▶ WHAT THE TASK REQUIRES:
Return nothing but the lines from the one with "clay, of disc" through the one with "比较推荐用MuMu模拟器12" in the data below, word for word and without pictures.

::: MATERIAL TO PROCESS :::

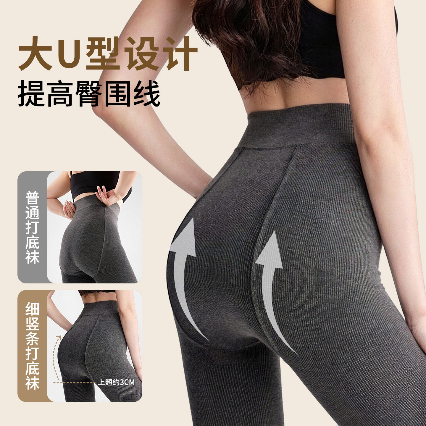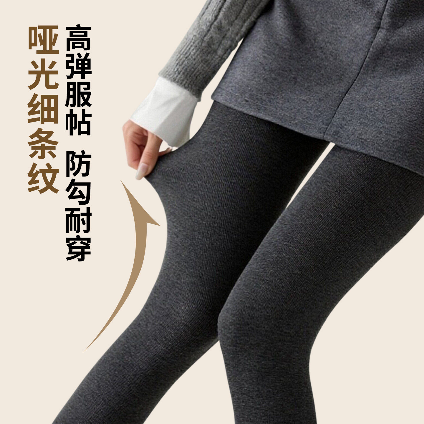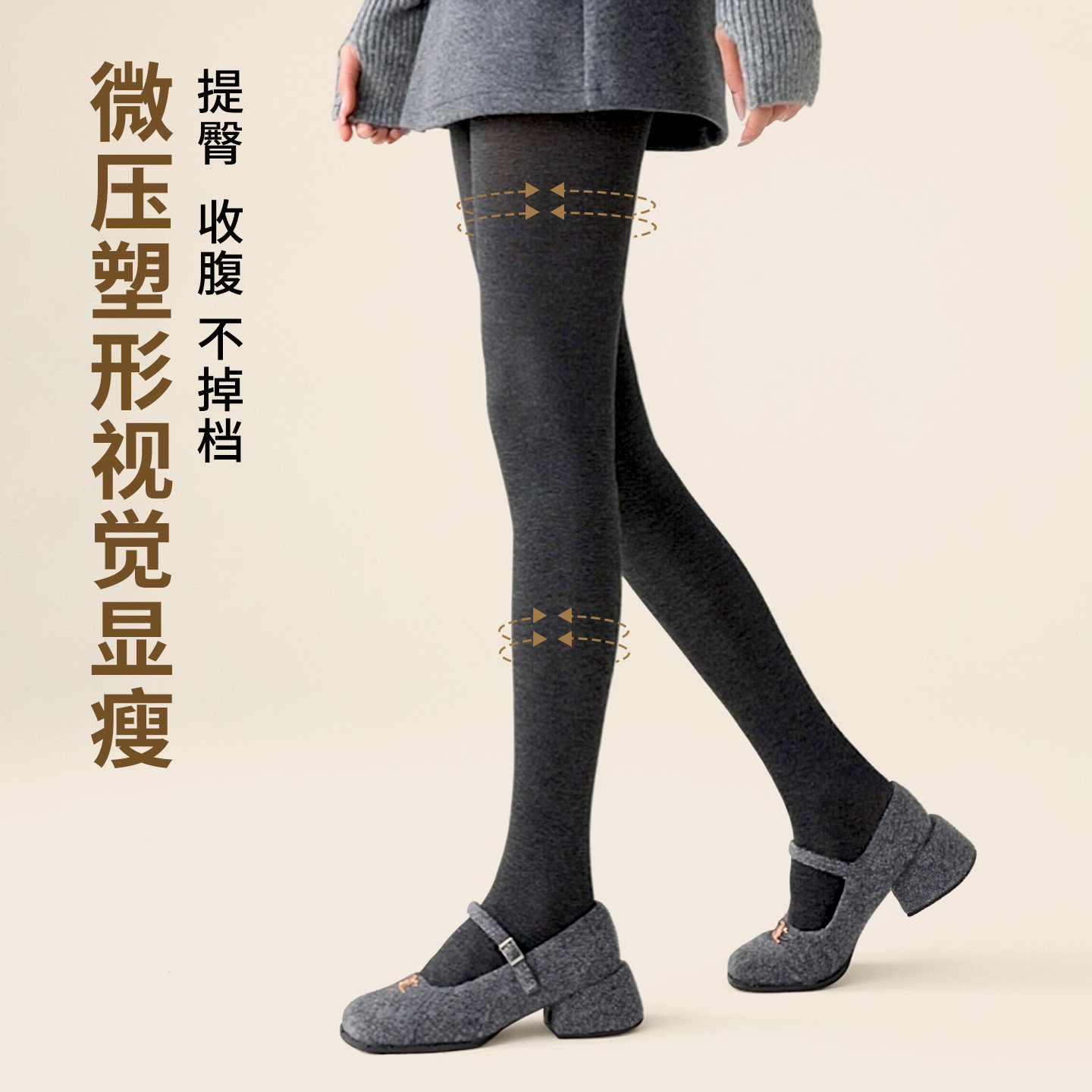 小辣椒miu系秋冬细竖条纹压力显瘦灰色打底裤一体加绒加厚连裤袜
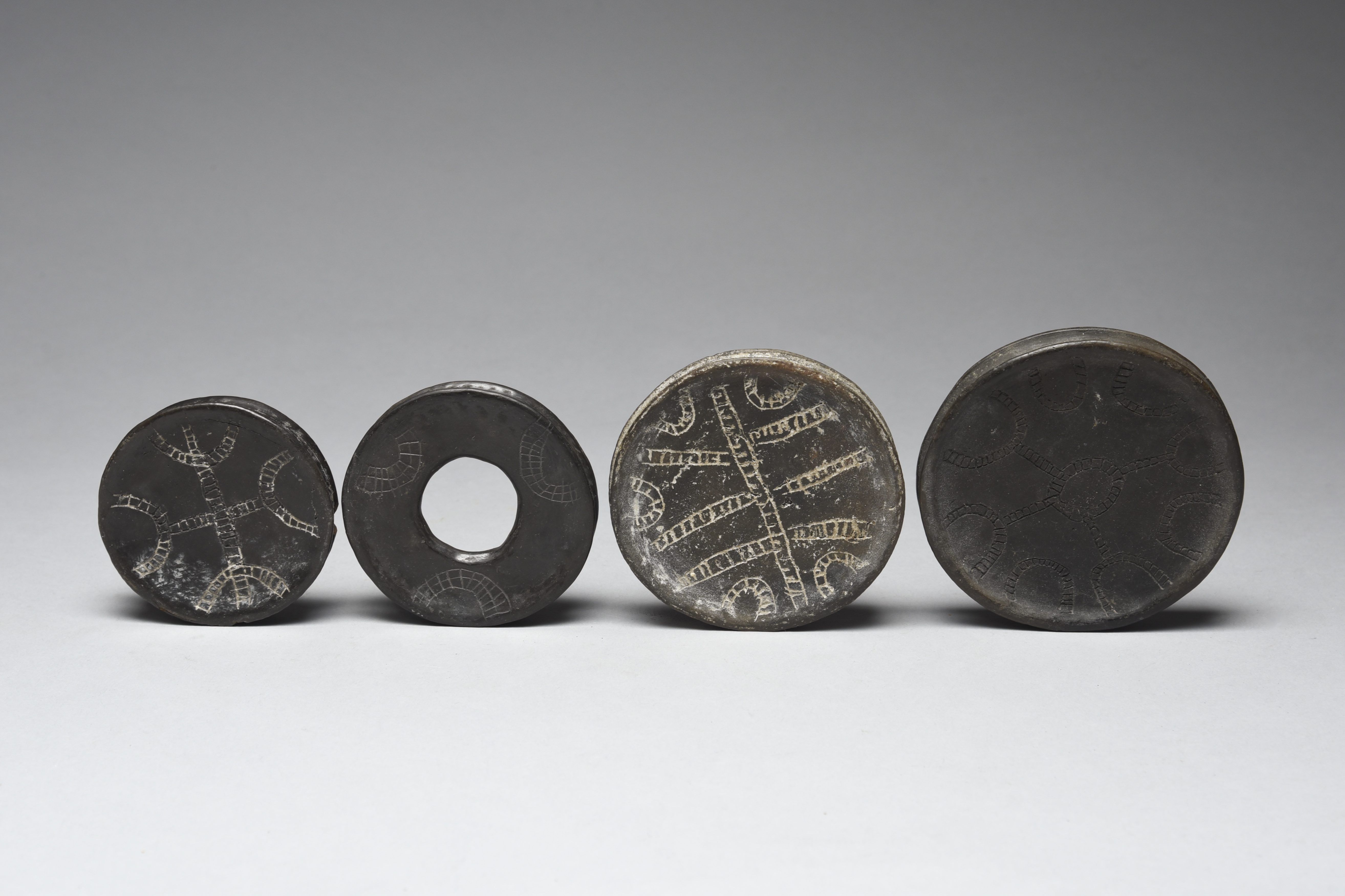 clay, of disc form with incised arched and linear decoration, one of ring form,
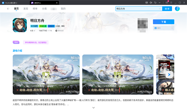 比较推荐用MuMu模拟器12,MuMu模拟器12和MAA小助手连接比较稳定,并且模拟器本身性能比较高,对游戏的适配做的也非常好,不容易出现游戏闪退、卡顿、导致小助手运行错误的情况,且安卓与iOS双端可用,具体的速刷方法如下。
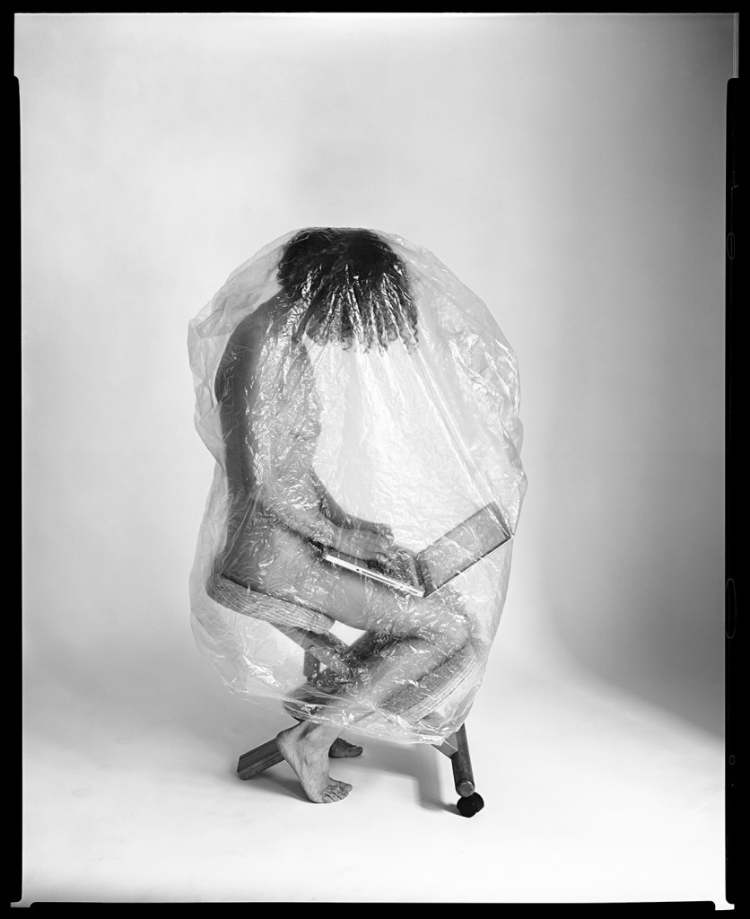 First Thematic Line. The year of 2025 represents a pivotal moment of technological transition poised to have a major social impact. In addition to the “virtual era” (the separation of place and time), the “fictional era” is now dawning (a real appearance without a real referent). While the virtual still retains a physical referent—be it an image, words, or a voice—the fictional has no real-world referent. It is pure invention. Photography, as a discipline, originates from the referent—a reality, even if it is a constructed one. My work Self-isolation, which is the origin of this exhibition, represents the bubble of self-isolation in this new way of living, where the body is not entirely present. This project includes images with an existential hue, most of which are set in the domestic space, where the body fades or lacks a firm presence. This is much like a life that slips through one’s fingers each day, testifying to this state of separation between place and presence, or to the inertia of a life divested of a part of its reality.
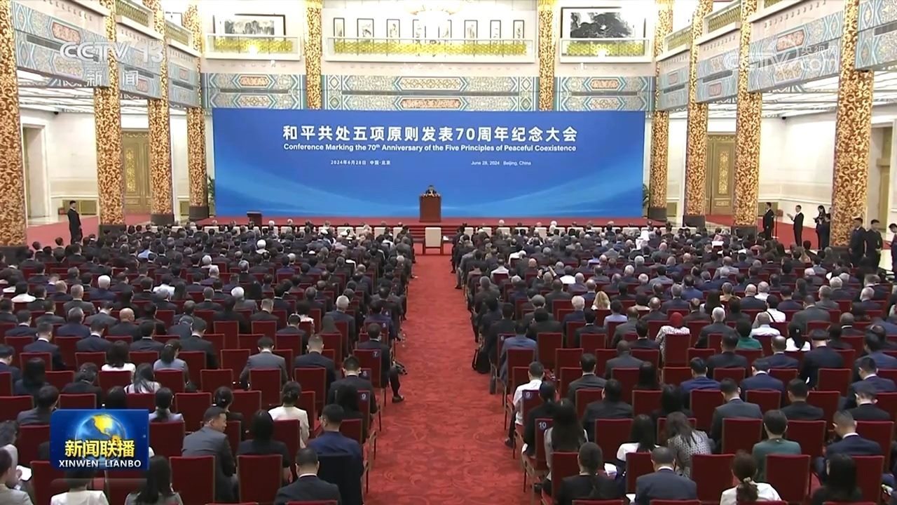 央視網(wǎng)消息(新聞聯(lián)播):6月28日,國(guó)家主席習(xí)近平出席和平共處五項(xiàng)原則發(fā)表70周年紀(jì)念大會(huì),并發(fā)表題為《弘揚(yáng)和平共處五項(xiàng)原則,攜手構(gòu)建人類(lèi)命運(yùn)共同體》的重要講話(huà)。習(xí)近平主席在講話(huà)中全面闡釋和平共處五項(xiàng)原則的精神內(nèi)涵和時(shí)代價(jià)值,在世界百年未有之大變局中指明構(gòu)建人類(lèi)命運(yùn)共同體的前進(jìn)方向,發(fā)出“全球南方”同世界各國(guó)人民共創(chuàng)美好未來(lái)的時(shí)代強(qiáng)音。與會(huì)國(guó)內(nèi)外人士表示,習(xí)近平主席的重要講話(huà)飽含著對(duì)歷史的深邃思考、對(duì)現(xiàn)實(shí)的深刻分析、對(duì)未來(lái)的長(zhǎng)遠(yuǎn)謀劃,必將對(duì)推動(dòng)各國(guó)同心協(xié)力建設(shè)更加美好世界產(chǎn)生重大而深遠(yuǎn)的影響。
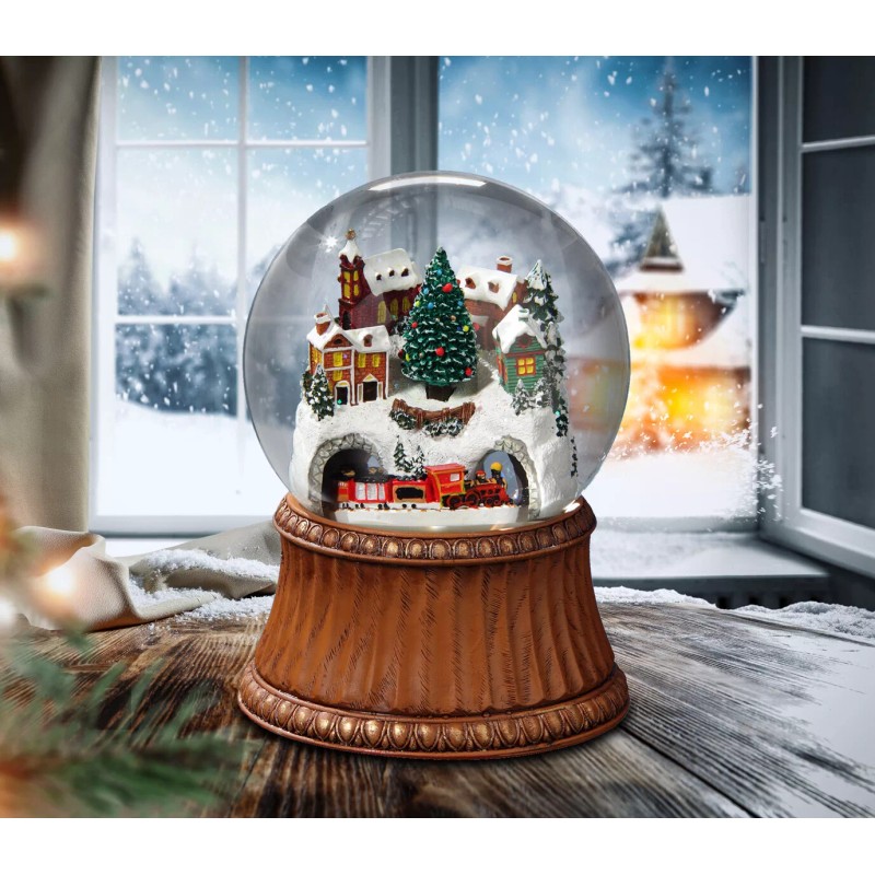 - Collectible Snow Globe Depicts Quaint Mountain Village w/Holiday Décor & Locomotive
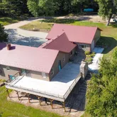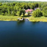 garage that has floor drains and fits 4 vehicles. There are 20 and a 50 amp outlets in the garage. With a sink and lower built-in cabinets, the garage can be a summer kitchen. The pole barn is an insulated 36x56, that has floors drains, has a new concrete apron, a bathroom, and is heated by a 150,000 BTU propane furnace or wood stove. Third bedroom has built in custom storage cabinets. In 1998, the primary bedroom, bathroom, walk-in closet, third bedroom, laundry room, hallway to garage and 4 car garage were added. Internet is fiber optic. Recent updates include: New kitchen countertops, dishwasher, kitchen sink, LVP and longer kitchen peninsula. The exterior is maintenance free ABC Seamless steel siding with log cabin pattern and a steel roof. Both the roof and siding have a transferrable limited lifetime warranty. The HVAC is new in 2019, complete with a whole house humidifier and smart thermostat. All three doors on the pole barn have garage door openers. The water softener is a refurbished water driven Kinetico. The recently replaced wood deck is 24x15 x 38x11. Deck has 8 foot sliding door for access and view. Enjoy grilling and entertaining with the brand new outdoor kitchen BBQ! Outdoor grill is plumbed to the homes propane, so no having to deal with swapping out propane tanks. Premium insulated entry doors on the house. The carpets have been professionally cleaned. There is a seasonal non softened water supply to the dock and pole barn. There is a power supply at the fixed dock that is for the included power boat lift. Basement is unfinished, climate controlled and is mainly used for storage/ utility access. There is a service door and garage door in the basement for easy storage of large or oversized items. There is an easement with the neighbor for the shared driveway. Enjoy hunting and fishing right out your backdoor! Dead Lake is a 7545 acre lake and contains walleye, bluegill, bass, northern pike, crappies, etc. Make this into your retreat or your home on the lake today!
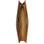 Inside, a microfiber lining with a suede finish provides a plush backdrop for your possessions, ensuring they are kept safe and secure. Care instructions underscore the importance of proper maintenance, advising storage in the protective dust bag in a cool, dry place, away from direct sunlight and friction. It’s recommended to avoid cleaning with soap or solvent and to take precautions against staining or wetting the leather materials.
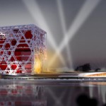 The constraints of the site suggested a triangular plan: accordingly, the 28-storey tower is formed by six interlocking isosceles triangles rising up from a triangular base, each of which creates a single elevation. The lowest and uppermost floorplates are triangular, while the intermediate floorplates are hexagonal in shape, changing at each level as the elevations expand or contract and forming a perfect hexagon at the structure's midpoint. The resulting building profile is considerably more elegant and slender than a standard orthogonal block. As the tower descends the building's metal skin peels back to create a series of wind scoops that protect the public spaces beneath from the gusting effect common at the base of towers.
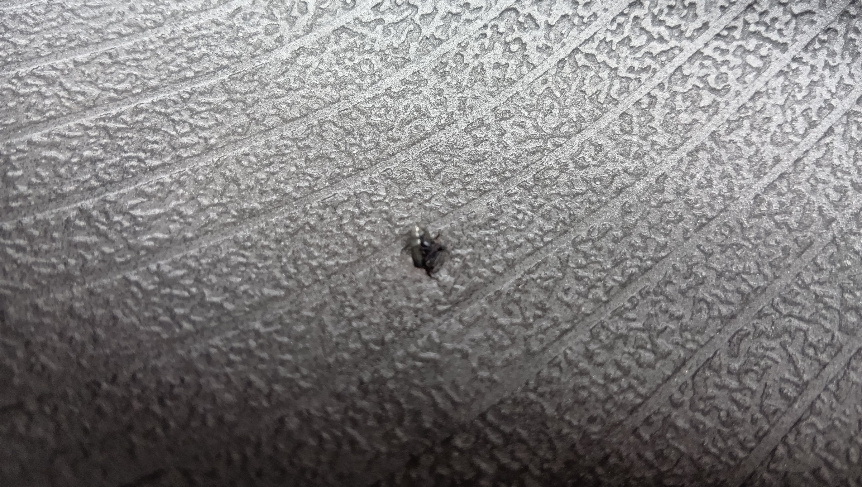 確かにクギかビスらしき物が刺さってますね、修理液を付けてみるとジワジワと漏れてます

:::

▶ ANSWER TO THIS TASK:
 clay, of disc form with incised arched and linear decoration, one of ring form,
 比较推荐用MuMu模拟器12,MuMu模拟器12和MAA小助手连接比较稳定,并且模拟器本身性能比较高,对游戏的适配做的也非常好,不容易出现游戏闪退、卡顿、导致小助手运行错误的情况,且安卓与iOS双端可用,具体的速刷方法如下。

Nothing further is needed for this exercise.